The Mormon History Association (MHA) is an independent, non-profit organization dedicated to the study and understanding of all aspects of Mormon history to promote understanding, scholarly research, and publication in the field. MHA was founded in December 1965 at the American Historical Association (AHA) meeting in San Francisco under the leadership of Latter-day Saint and historian Leonard J. Arrington. In 1972, MHA became an independent organization with its own annual conferences and publications.

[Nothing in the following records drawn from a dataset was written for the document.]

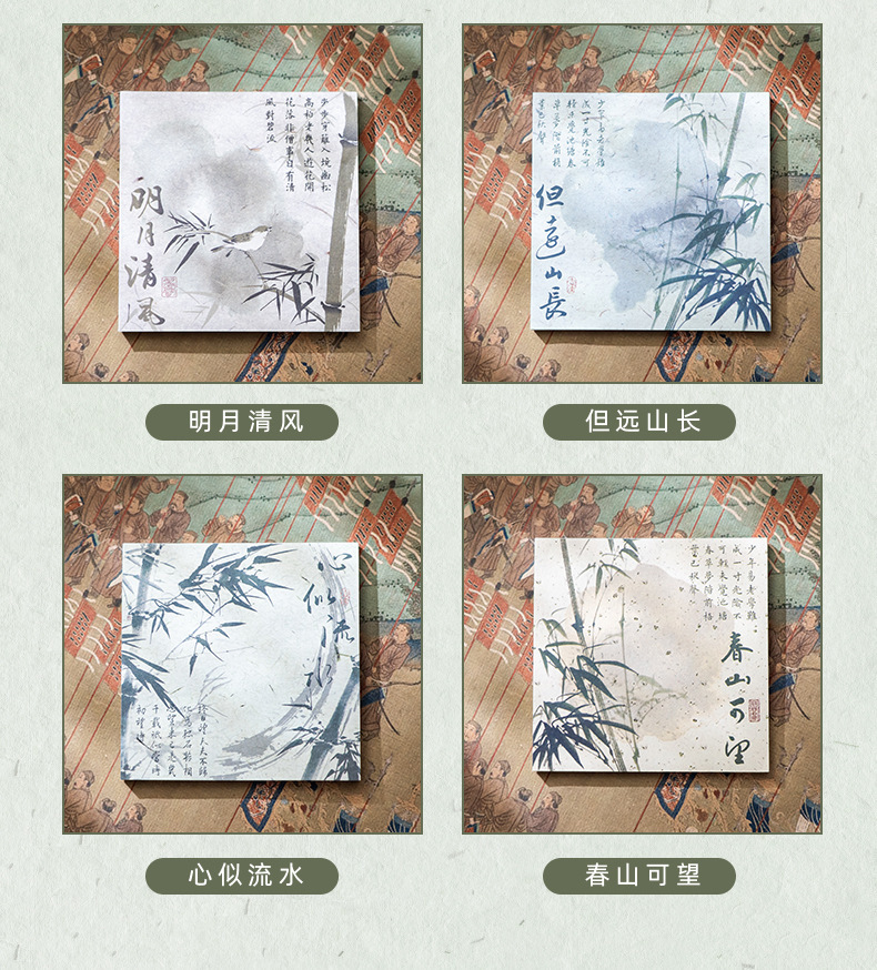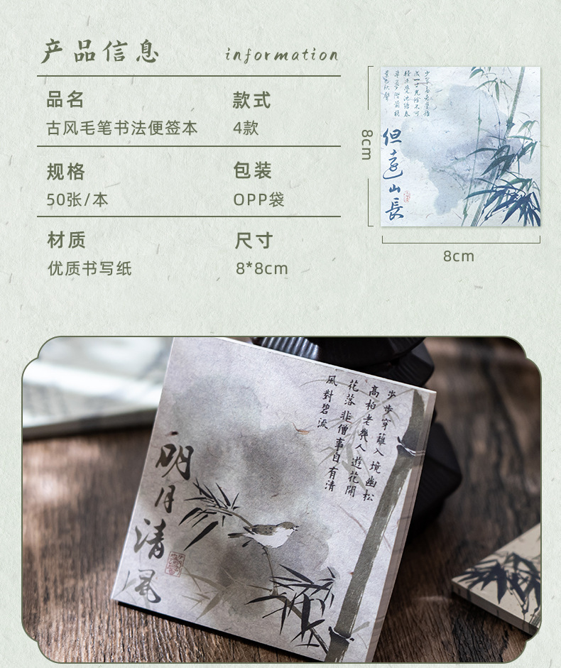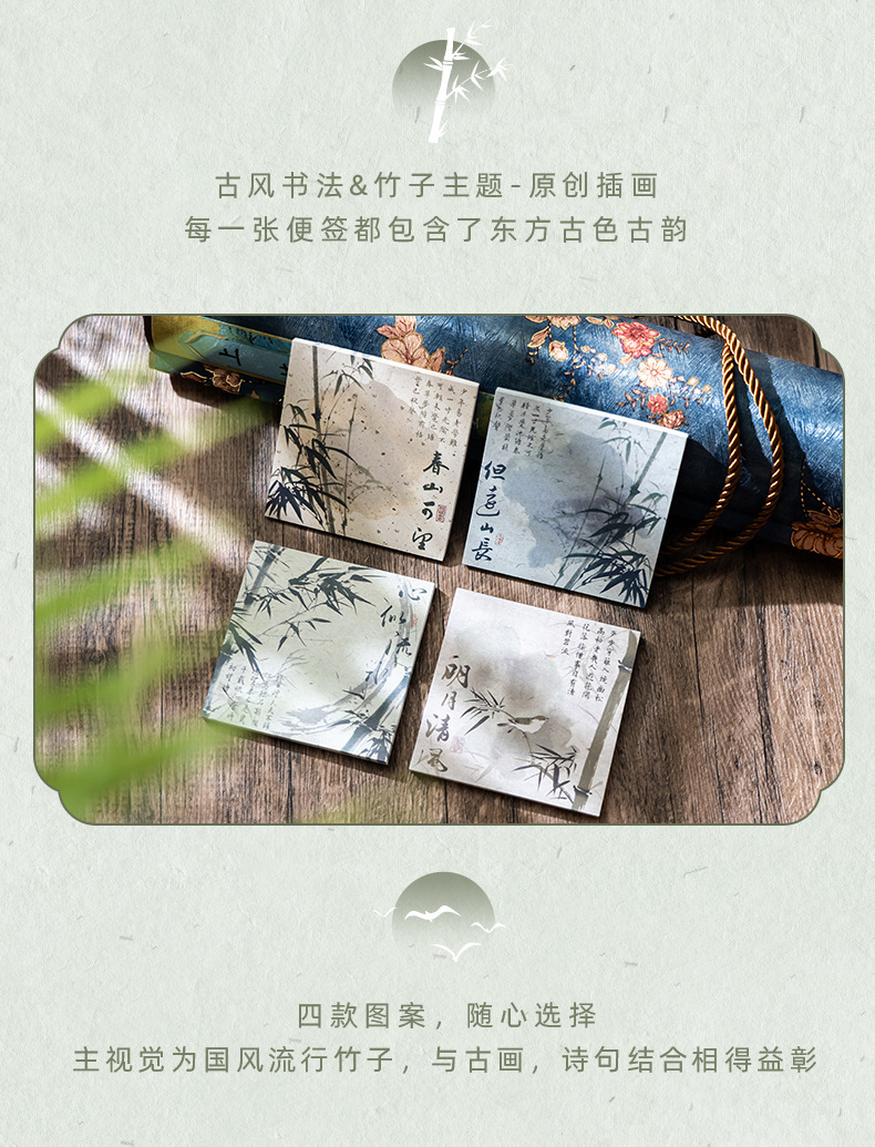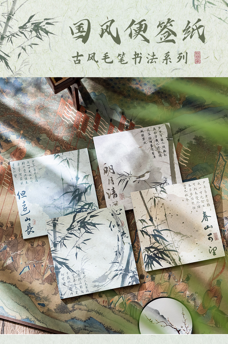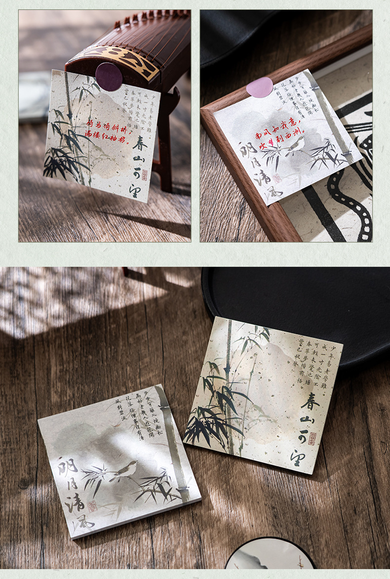 Guofeng bambú cuaderno de notas estilo antiguo alto valor facial rasgable caligrafía poesía no adhesiva papel de etiqueta material de contabilidad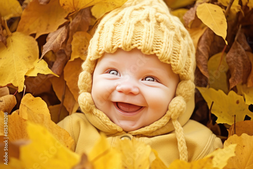 Cute smiling happy baby in autumn leaves (Generative AI)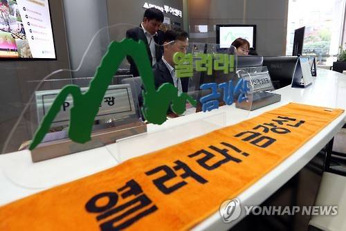 ▲지난달 25일 오후 서울 연지동 현대아산 본사 1층 로비에 마련된 현대아산 투어센터에서 직원들이 업무를 보고 있다. (사진=연합뉴스)

The Journal of Mormon History, the official biennial publication of the association, began publication in 1974. MHA also publishes the quarterly Mormon History Newsletter and is an affiliate of both AHA and the Western History Association.

MHA "welcome[s] all who are interested in the Mormon past, irrespective of religious affiliation, academic training, or world location." It is not affiliated with the LDS Church and was founded by people who support no religious beliefs. Its members are composed of people both within and without the Church of Jesus Christ of Latter-day Saints (LDS Church) and the Community of Christ, including those who reject Mormonism.

Presidents
MHA presidents are recognized contributors to the field of Mormon history and serve for one year.

Journal of Mormon History

Since 1974, MHA has produced the Journal of Mormon History, an academic journal in the field of Mormon studies. From the founding of MHA until 1974, Dialogue: A Journal of Mormon Thought was a principal venue for articles on Mormon History written by MHA members.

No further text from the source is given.